Alumni from two unnamed states were studied. Students from the larger of the two states’ sample groups who transferred to for-profits earned an extra $210 each quarter, while those who went to public colleges earned an additional $560 each quarter, and those at nonprofits ended up with $1,110 more each quarter. When the researchers looked at a decade of earnings, students at for-profits made an extra $5,400 after graduating, while students at public colleges got a $12,300 boost. Those who studied at nonprofit schools earned $26,700 more. (The results also don’t take into account that for-profits tend to have higher tuition than public colleges and nonprofit schools.) Put another way, public colleges produced at least twice the extra earnings as for-profits, and nonprofits produced a fourfold benefit.

The for-profit industry often explains away differences by saying its schools educate a student body that is not as prepared as those at public or private colleges.

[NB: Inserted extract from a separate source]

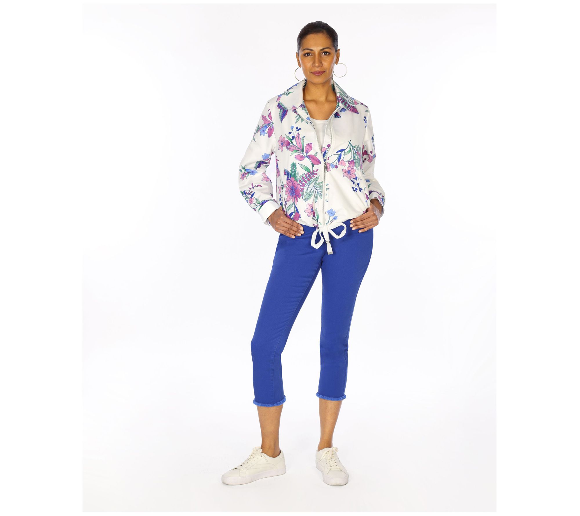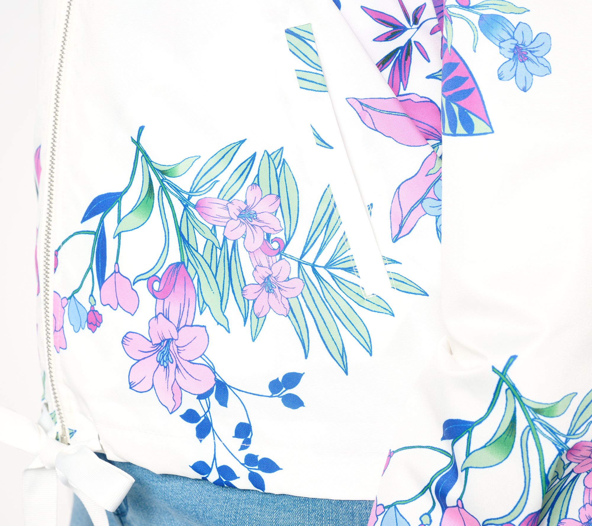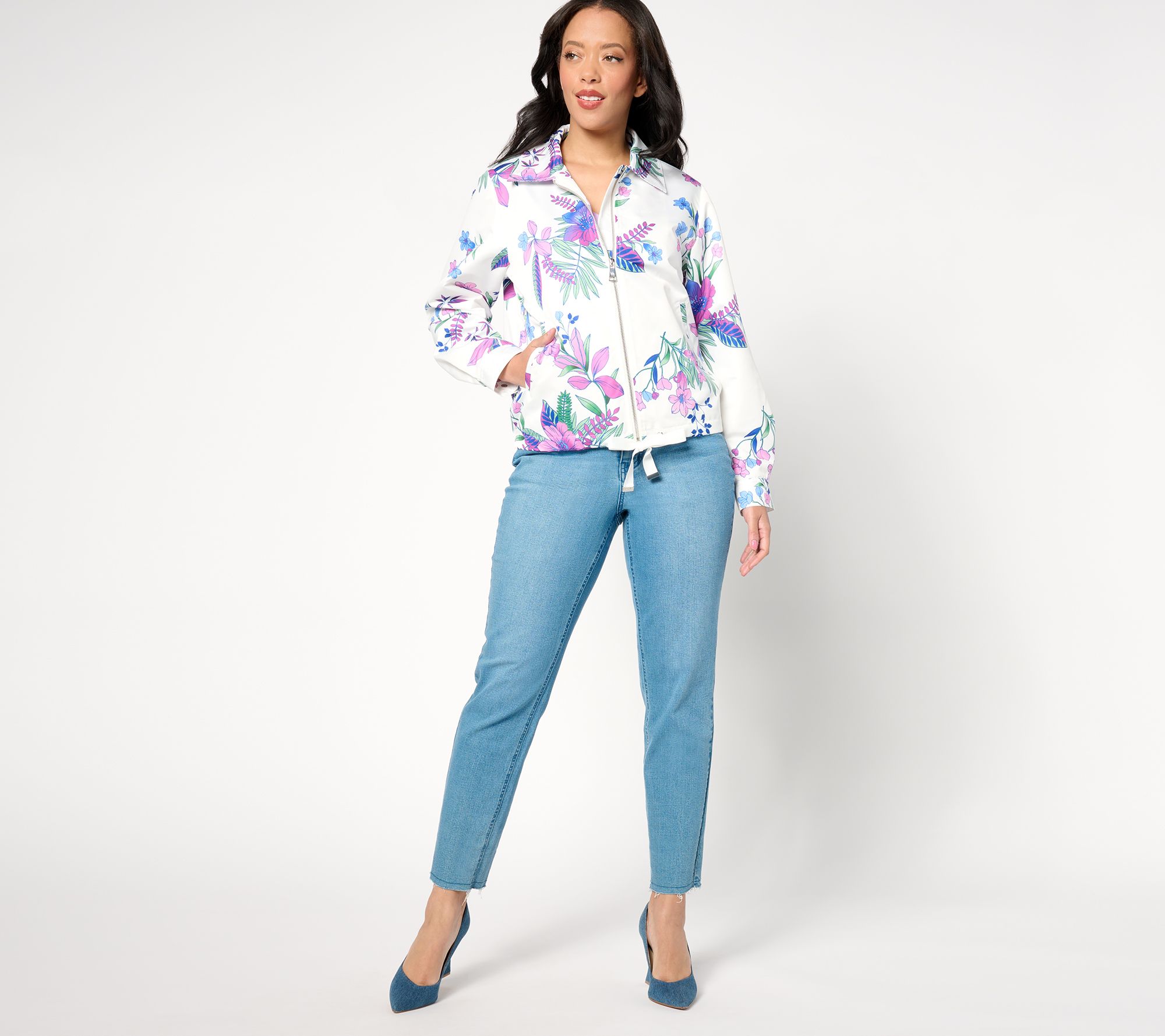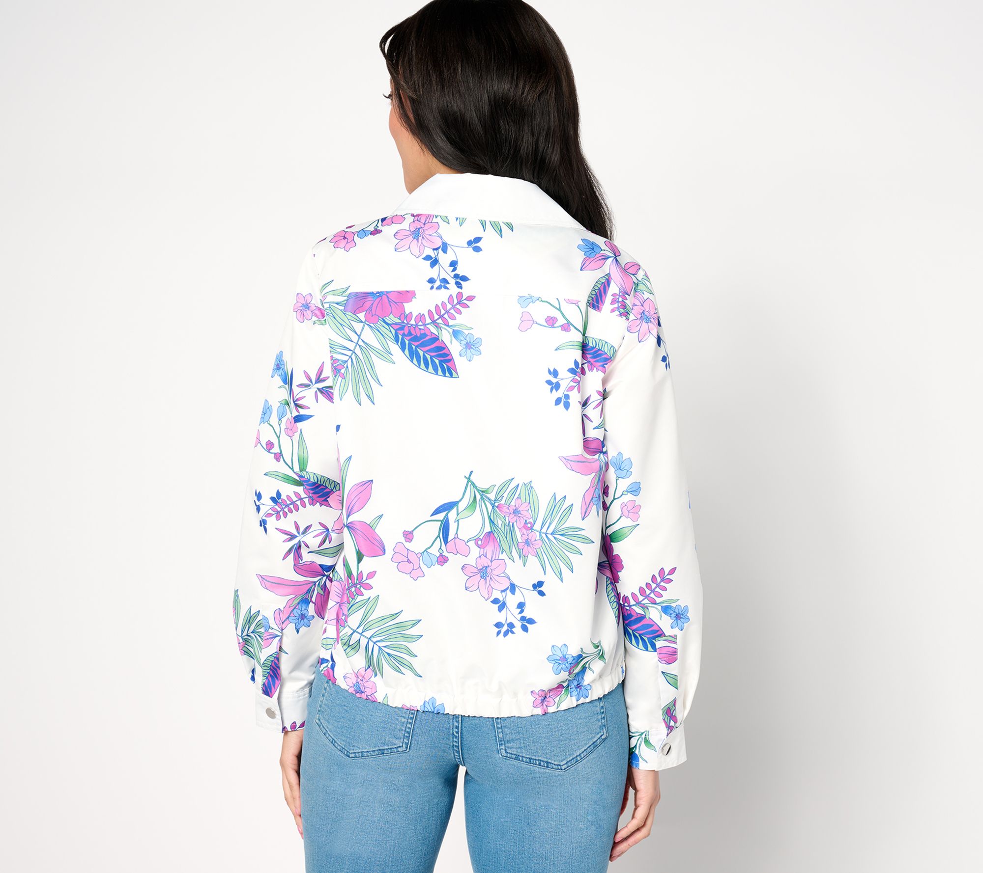 The military-inspired bomber jacket heads in a delightfully soft direction with feminine-edge florals, easily winning the battle over fluctuating temps with all the details you adore. From Dennis Basso.

This study (and others) has shown those disparities do exist, but it also found that even taking into account those differences, students at for-profit schools still earned 6 percent to 7 percent less over the long haul. “These earnings gaps, controlling for prior college performance, appear to be substantively important and contribute to the evidence that there is a labor market penalty associated with attending a for-profit college,” the researchers wrote.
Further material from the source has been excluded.